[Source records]

=== Section Start ===

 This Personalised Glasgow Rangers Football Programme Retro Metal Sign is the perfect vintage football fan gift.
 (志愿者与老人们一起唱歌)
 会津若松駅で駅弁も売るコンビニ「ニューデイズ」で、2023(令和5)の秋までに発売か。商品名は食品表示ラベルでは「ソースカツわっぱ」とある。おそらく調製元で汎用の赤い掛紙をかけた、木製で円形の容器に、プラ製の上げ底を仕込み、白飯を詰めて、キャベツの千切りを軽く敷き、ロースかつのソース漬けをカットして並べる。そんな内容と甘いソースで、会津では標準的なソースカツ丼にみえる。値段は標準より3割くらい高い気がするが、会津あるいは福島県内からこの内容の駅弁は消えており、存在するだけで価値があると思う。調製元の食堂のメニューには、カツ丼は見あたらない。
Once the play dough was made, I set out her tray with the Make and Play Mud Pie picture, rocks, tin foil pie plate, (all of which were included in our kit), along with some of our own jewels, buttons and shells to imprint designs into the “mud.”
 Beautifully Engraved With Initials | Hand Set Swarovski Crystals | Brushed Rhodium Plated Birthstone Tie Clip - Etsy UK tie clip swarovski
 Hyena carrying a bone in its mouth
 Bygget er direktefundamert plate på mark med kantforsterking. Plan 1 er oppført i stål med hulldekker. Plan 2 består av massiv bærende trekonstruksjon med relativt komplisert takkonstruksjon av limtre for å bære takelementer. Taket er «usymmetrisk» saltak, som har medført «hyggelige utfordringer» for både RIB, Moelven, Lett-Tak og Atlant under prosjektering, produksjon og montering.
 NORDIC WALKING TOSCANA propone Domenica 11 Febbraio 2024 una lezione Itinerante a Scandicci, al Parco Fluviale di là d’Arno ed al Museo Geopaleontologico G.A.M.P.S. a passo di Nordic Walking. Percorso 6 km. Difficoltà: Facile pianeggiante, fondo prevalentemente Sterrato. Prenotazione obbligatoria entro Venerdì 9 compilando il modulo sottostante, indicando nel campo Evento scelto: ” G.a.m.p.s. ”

=== Section End ===

Required work =>
Look above for the line that contains "Beautifully Engraved With". Starting there, transcribe every line exactly until you have copied the line that contains "Bygget er direktefundamert".

Solution to this task =>
 Beautifully Engraved With Initials | Hand Set Swarovski Crystals | Brushed Rhodium Plated Birthstone Tie Clip - Etsy UK tie clip swarovski
 Hyena carrying a bone in its mouth
 Bygget er direktefundamert plate på mark med kantforsterking. Plan 1 er oppført i stål med hulldekker. Plan 2 består av massiv bærende trekonstruksjon med relativt komplisert takkonstruksjon av limtre for å bære takelementer. Taket er «usymmetrisk» saltak, som har medført «hyggelige utfordringer» for både RIB, Moelven, Lett-Tak og Atlant under prosjektering, produksjon og montering.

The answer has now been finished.